Copy the listing that follows exactly. Its pictures do not belong in the copy.
═════ Given material
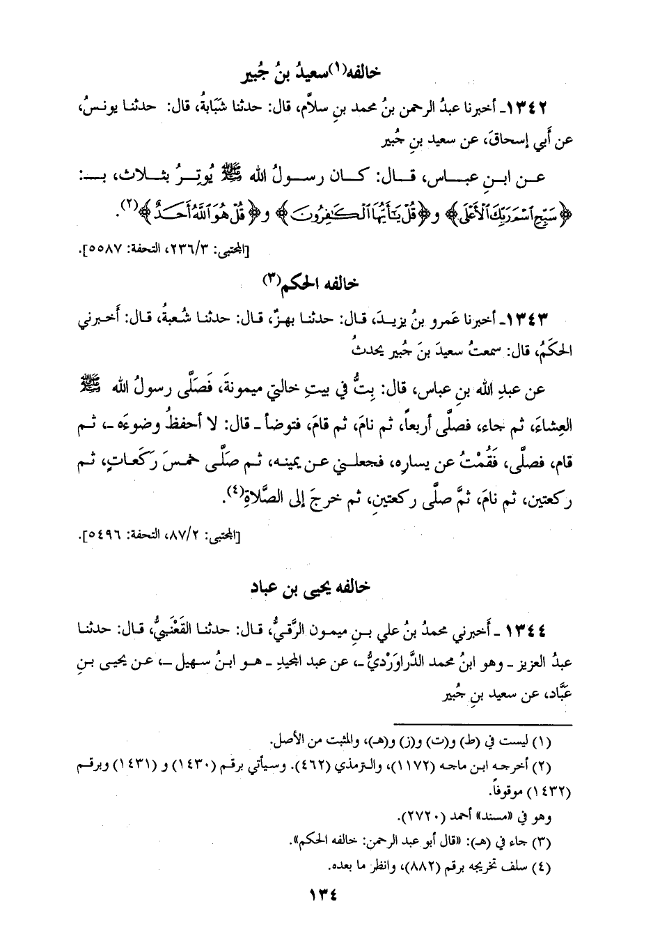 1342 - أَخْبَرَنَا عَبْدُ الرَّحْمَنِ بْنُ مُحَمَّدِ بْنِ سَلَامٍ، قَالَ: حَدَّثَنَا شَبَابَةُ، قَالَ: حَدَّثَنَا يُونُسُ، عَنْ أَبِي إِسْحَاقَ، عَنْ سَعِيدِ بْنِ جُبَيْرٍ، عَنِ ابْنِ عَبَّاسٍ، قَالَ: كَانَ رَسُولُ اللهِ صَلَّى اللهُ عَلَيْهِ وَسَلَّمَ " §يُوتِرُ بِثَلَاثٍ: بِسَبَّحِ اسْمَ رَبِّكَ الْأَعْلَى، وَقُلْ يَا أَيُّهَا الْكَافِرُونَ، وَقُلْ هُوَ اللهُ أَحَدٌ " خَالَفَهُ الْحَكَمُ
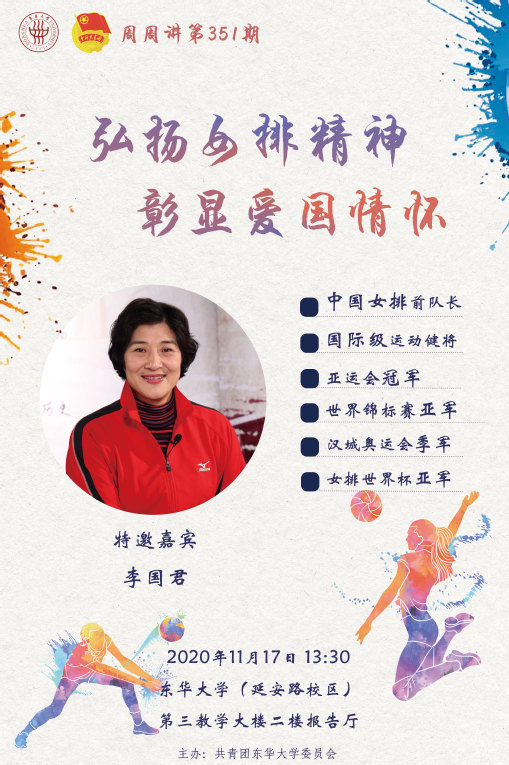 主讲人介绍:李国君,中国女排前队长,国际级运动健将,亚运会冠军,世界锦标赛亚军,汉城奥运会季军,女排世界杯亚军,被国际排联评为最佳运动员。
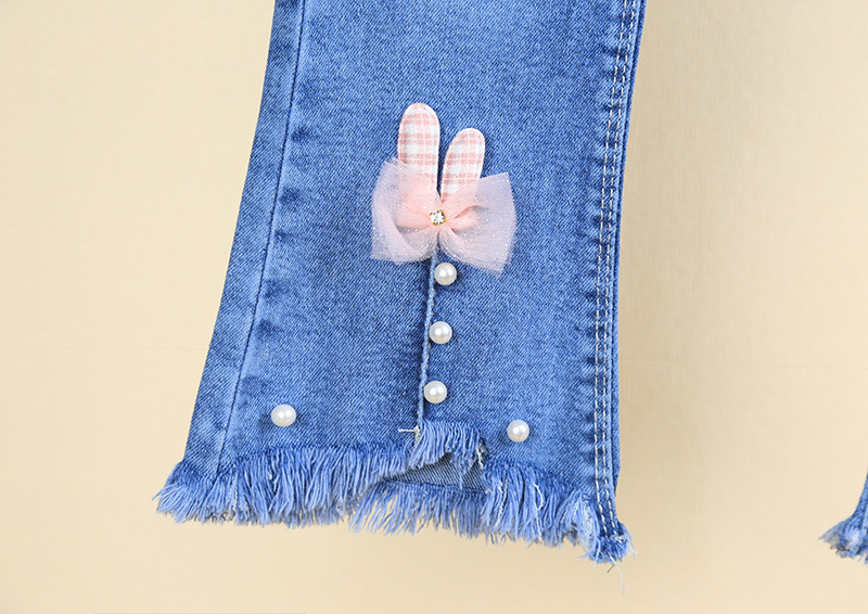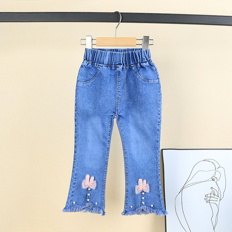 아동복 걸스 데님 바지 봄과 가을 새로운 패션 웨스턴 스타일 올 매치 슬림 핏 중대형 어린이 외주 바지스토어 가기
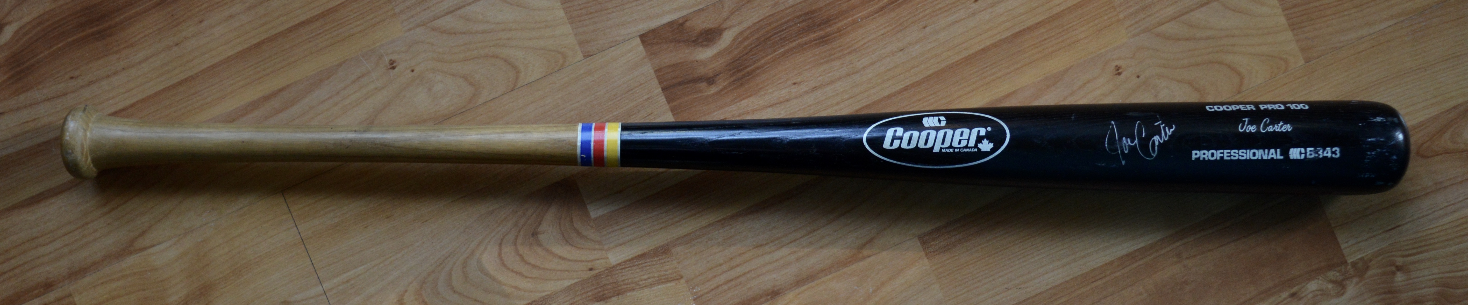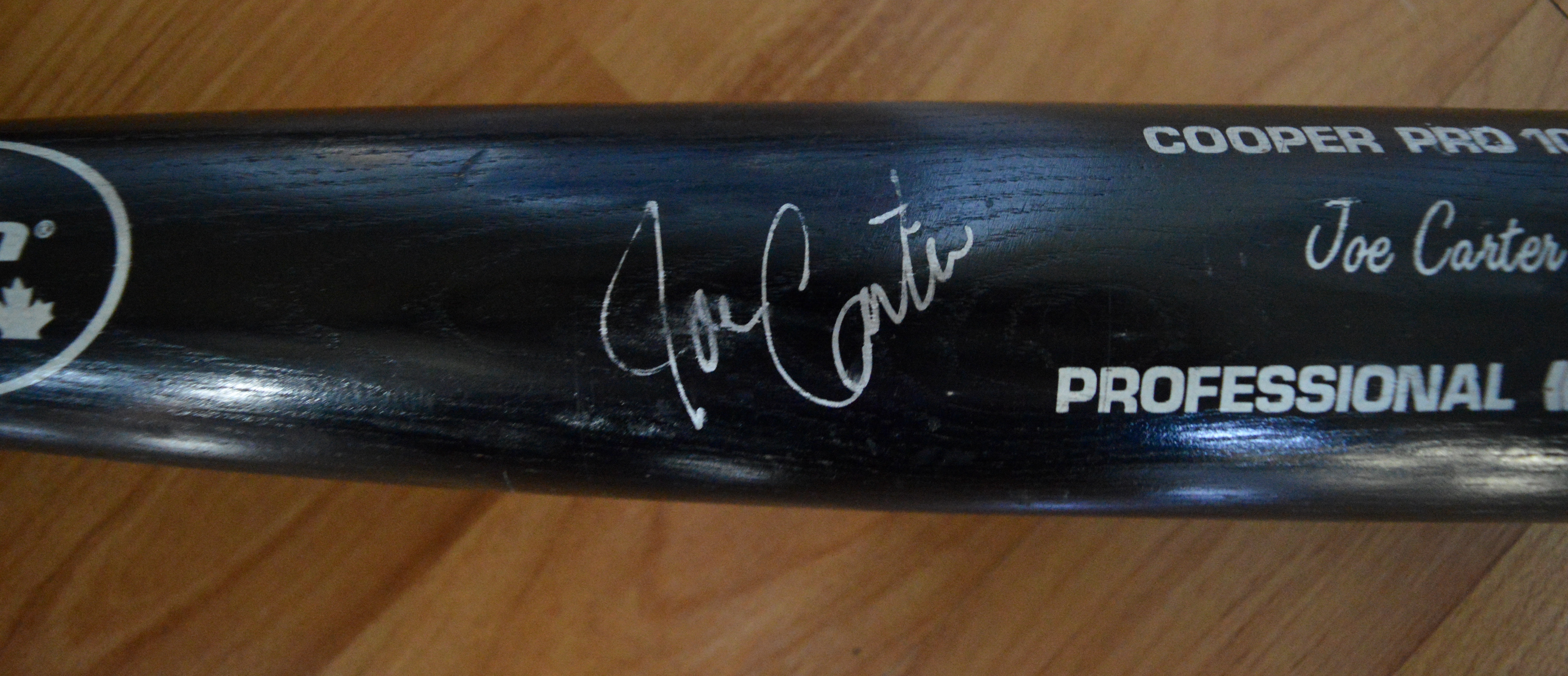 I received this Joe Carter signature bat hand-signed by Joe Carter through a Kraft/Blue Jays promotion around 1992. I also got a ball signed by Dave Winfield and a set of trading cards (now lost) in the same promotion. I’ve never really taken care of the bat; I keep it next to my nightstand for security. Note the dings.
══════════
◆ **Answer to this exercise**:
 1342 - أَخْبَرَنَا عَبْدُ الرَّحْمَنِ بْنُ مُحَمَّدِ بْنِ سَلَامٍ، قَالَ: حَدَّثَنَا شَبَابَةُ، قَالَ: حَدَّثَنَا يُونُسُ، عَنْ أَبِي إِسْحَاقَ، عَنْ سَعِيدِ بْنِ جُبَيْرٍ، عَنِ ابْنِ عَبَّاسٍ، قَالَ: كَانَ رَسُولُ اللهِ صَلَّى اللهُ عَلَيْهِ وَسَلَّمَ " §يُوتِرُ بِثَلَاثٍ: بِسَبَّحِ اسْمَ رَبِّكَ الْأَعْلَى، وَقُلْ يَا أَيُّهَا الْكَافِرُونَ، وَقُلْ هُوَ اللهُ أَحَدٌ " خَالَفَهُ الْحَكَمُ
 主讲人介绍:李国君,中国女排前队长,国际级运动健将,亚运会冠军,世界锦标赛亚军,汉城奥运会季军,女排世界杯亚军,被国际排联评为最佳运动员。
 아동복 걸스 데님 바지 봄과 가을 새로운 패션 웨스턴 스타일 올 매치 슬림 핏 중대형 어린이 외주 바지스토어 가기
 I received this Joe Carter signature bat hand-signed by Joe Carter through a Kraft/Blue Jays promotion around 1992. I also got a ball signed by Dave Winfield and a set of trading cards (now lost) in the same promotion. I’ve never really taken care of the bat; I keep it next to my nightstand for security. Note the dings.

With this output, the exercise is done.